The next EU-AU strategy also demonstrates a very narrow understanding of innovation by focusing on technologies and digitalisation without paying adequate attention to potential impacts on local communities. Not all mitigation measures are beneficial to the environment, health and wellbeing. For example, among others, the significant use of biofuels could reduce the amount of land available for agriculture, creating food insecurity and worsening poverty.

Furthermore, putting the SDGs and the PA at the heart of the EU-Africa Partnership is a positive step towards addressing the continents’ most pressing challenges. However, the foundation of the partnership is still based on a massive institutional power imbalance. The partnership promotes prosperity, but Africa’s reality over decades of cooperation demonstrates immense poverty[1].

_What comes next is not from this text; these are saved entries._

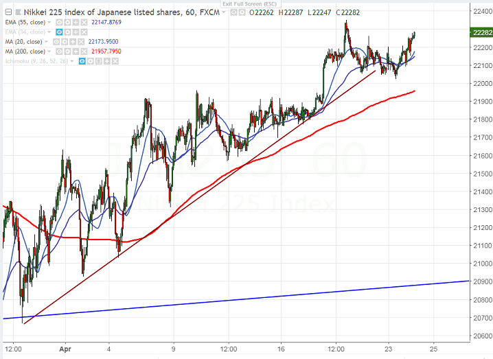 - Nikkei recovered more than 1% from yesterday low on account of weak yen. The yen declined sharply against all majors on easing geo political tensions. US markets Dow jones and S&P500 has closed flat around 0.01%. US futures also continuing its range bound trade and is trading with Dow jones at 24503 (0.2% higher) and S&P500 2672 (0.04% higher).It is currently trading around 22272 0.41% higher.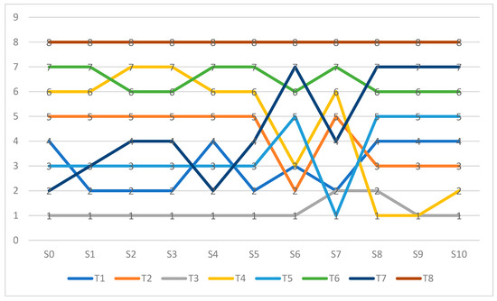 Based on the sensitivity analysis results, it becomes clear that T3 presents the highest consistency among the tools that are ranked in the top places. Other tools may outrank this tool in specific scenarios, but in most cases, they are ranked way below this tool, showing lower consistency. However, some tools, such as T1, T4 and T5, were also considered as alternative preferred solutions, and the various scenarios were presented to the logistics company, which was the one to make the final decision.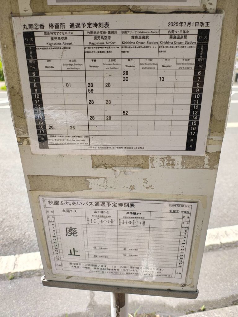 少し休んで13時のバスにのり、途中35分ほど時間調節して丸尾②まで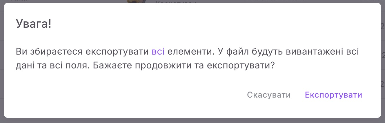Повний експорт передбачає вивантаження даних про всі елементи розумного об’єкта та інформації з усіх полів (незалежно від того, які з них відображаються в таблиці).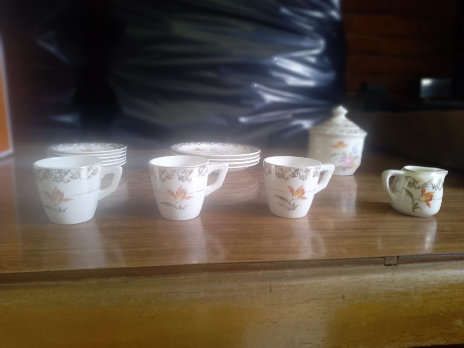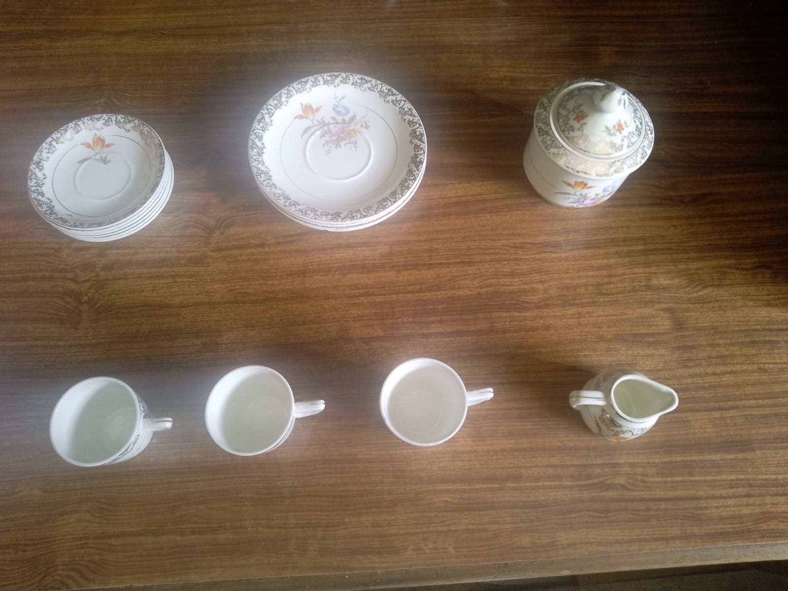 Juego de te consta de los siguiente: 3 tazas, 1 taza para leche, 4 platos para pastel, 6 platos para taza y 1 azucarera con tapa.
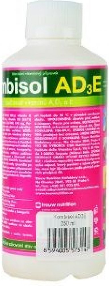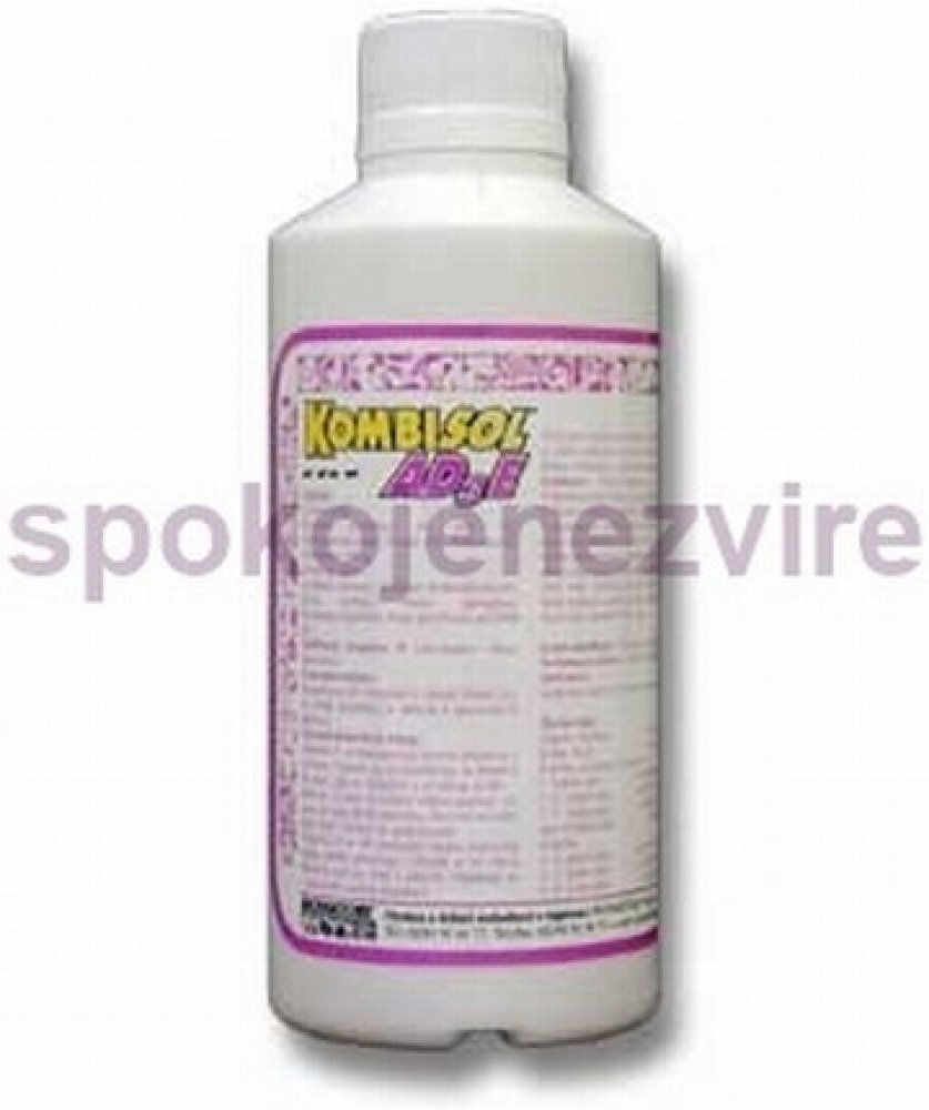 Kombisol® AD3E sol.Komplex vitamínov A, D3, E v tekutej forme.Zloženie: Vitamín A, vitamín D3, vitamín E.Dávkovanie: nosnice, kačice 1 ml/50 ks/deň. Morky, husi 1 ml/30 ks/deň. Kurčatá, káčatá, húsatá 1. týždeň veku 1 ml/180 - 200 ks/deň, 2.-3. týždeň veku 1 ml/100 - 150 ks/deň, 4.-6. týždeň veku 1 ml/80 - 100 ks/deň, nad 6 týždňov veku 1 ml/50 ks/deň. Odchov a výkrm moriek 1.-2. týždeň veku 1 ml/120 - 150 ks/deň, 3.-5. týždeň veku 1 ml/80 - 120 ks/deň, 6.-9. týždeň veku 1 ml/60 - 80 ks/deň, nad 10 týždňov veku 1 ml/40 - 60 ks/deň. Teľatá, žriebätá (50 kg ž. hm.) 1 ml/8 ks/deň. Prasiatka, jahňatá, kozľatá (5 kg ž. hm.) 1 ml/40 ks/deň. Ošípané (100 kg ž. hm.) 1 ml/4 ks/deň. Kone, dobytok (500 kg ž. hm.) 1 ml/1 ks/deň.Indikácia: podpora nešpecifických imunitných procesov, zvýšená vitalita mláďat, v období zvýšenej fyziologickej záťaže organizmu, v období reprodukcie, maximálnej úžitkovosti, poruchy osifikácie a rastu kostí, v strese, pri transporte, vakcinácii a pri zníženom príjme krmiva v dôsledku dietetických porúch alebo infekčných ochorení. U chovnej hydiny pri zníženej intenzite znášky, zníženej oplodnenosti a liahnivosti násadových vajec, zníženej kvalite vaječnej škrupiny a nízkej biologickej hodnote násadových vajec a pri výskyte hypovitaminóz A, D, E.Kontraindikácia: súčasné podávanie vitamínu D2 je neprípustné.Spôsob použitia: Kombisol AD3E sa podáva zvieratám rozriedený v pitnej vode alebo v mlieku. Preventívne po dobu 5 - 10 dní v uvedených dávkach. Aplikáciu je možné opakovať . Pri liečebnom podávaní je možné dávkovanie zvýšiť podľa doporučenia veterinárneho lekára.Poznámka: rozriedený roztok je nutné chrániť pred priamym slnečným svetlom a čo najrýchlejšie ho spotrebovať.Ochranná doba: bez ochrannej doby.Doba použiteľnosti: 18 mesiacov od dátumu výroby.Spôsob skladovania: pri teplote 10 - 25 °C, v tme. Chrániť pred svetlom a mrazom.Balenie: 30 ml, 250 ml, 1 l - plastové obaly.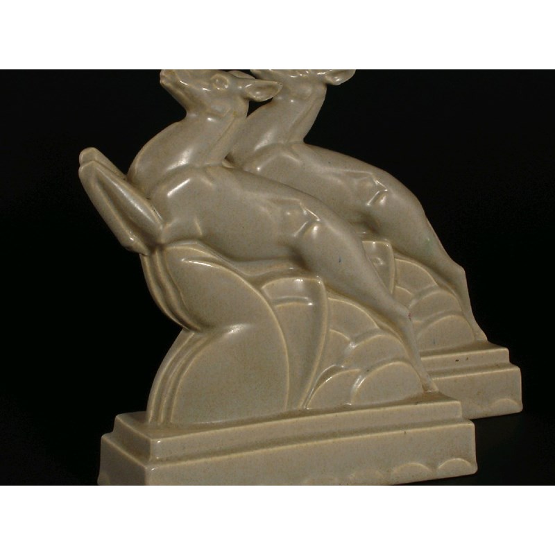 A pair of Carter, Stabler & Adams, Poole 'Springbok' book ends model no.831 designed by John Adams, spray glazed in mushroom impressed marks, damages to ears 21cm. high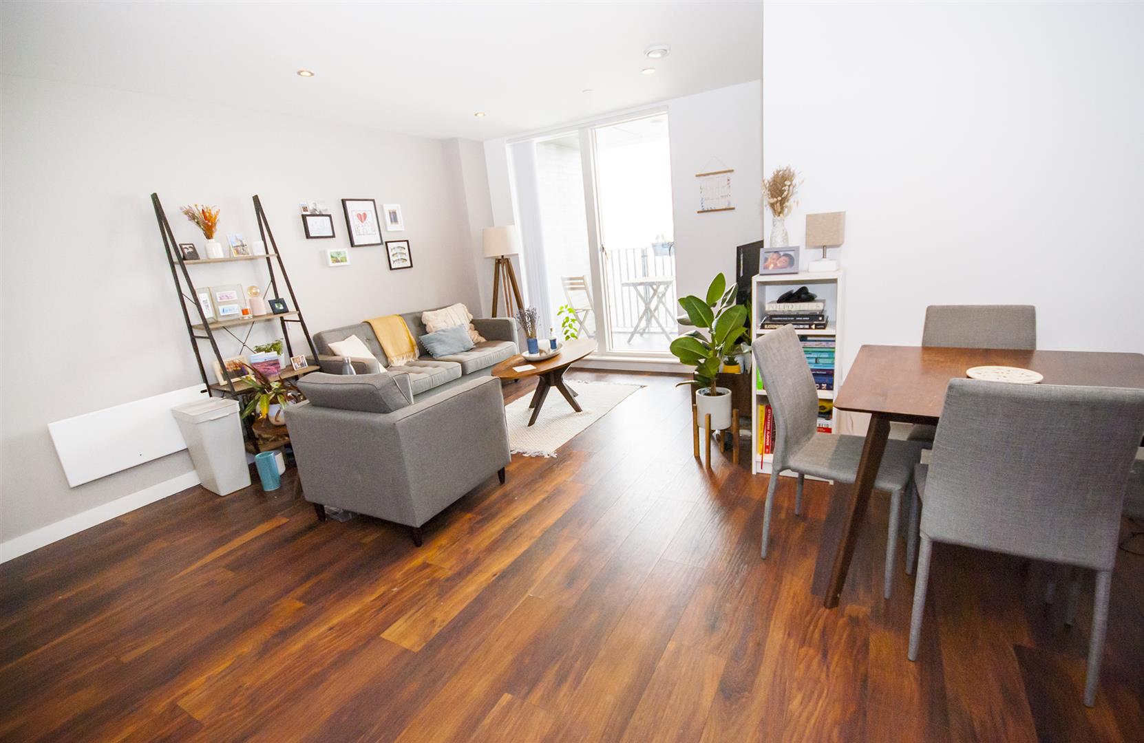 With laminate wood effect flooring, spotlighting, two electric wall heaters, TV point, satellite point, power points and sliding doors overlooking and opening out to the balcony. The Kitchen area features a range of wall and base units with contrasting work surfaces and downlighting, built in electric oven and hob with extractor, inset sink and drainer and integrated fridge freezer.

It is also striking how agriculture and land issues are not prioritised. The rural economy has long been recognised as a critical driver of poverty reduction, and Africa’s vast diversity necessitates context-specific locally driven solutions, and food systems approaches such as agroecology. However, the current strategy has instead focused on creating a favourable environment for large-scale and industrial agriculture promoting monocrop production and causing harm to Africa’s ecosystems and health, denying locals of their land rights.

Finally, urgent transformative policies are needed to rebuild societies capable of addressing the climate and health crises through economies that truly put people and the planet before profits. Several European companies, while prioritizing profits above social or environmental concerns, have proved incapable of ensuring respect for nature, human dignity and human rights, and have negatively affected the lives of millions of African citizens through exploitation, pollution, land-grabs, evictions, silencing, and assassination of indigenous peoples.

In the truest sense of climate justice, these abuses must end and those affected must be compensated. 

Photo credit: Joe Saade / UN Women

[1] See a joint statement by a very broad alliance of African secular and faith-based CSOs in an informal platform which they call “Our Land is our Life”.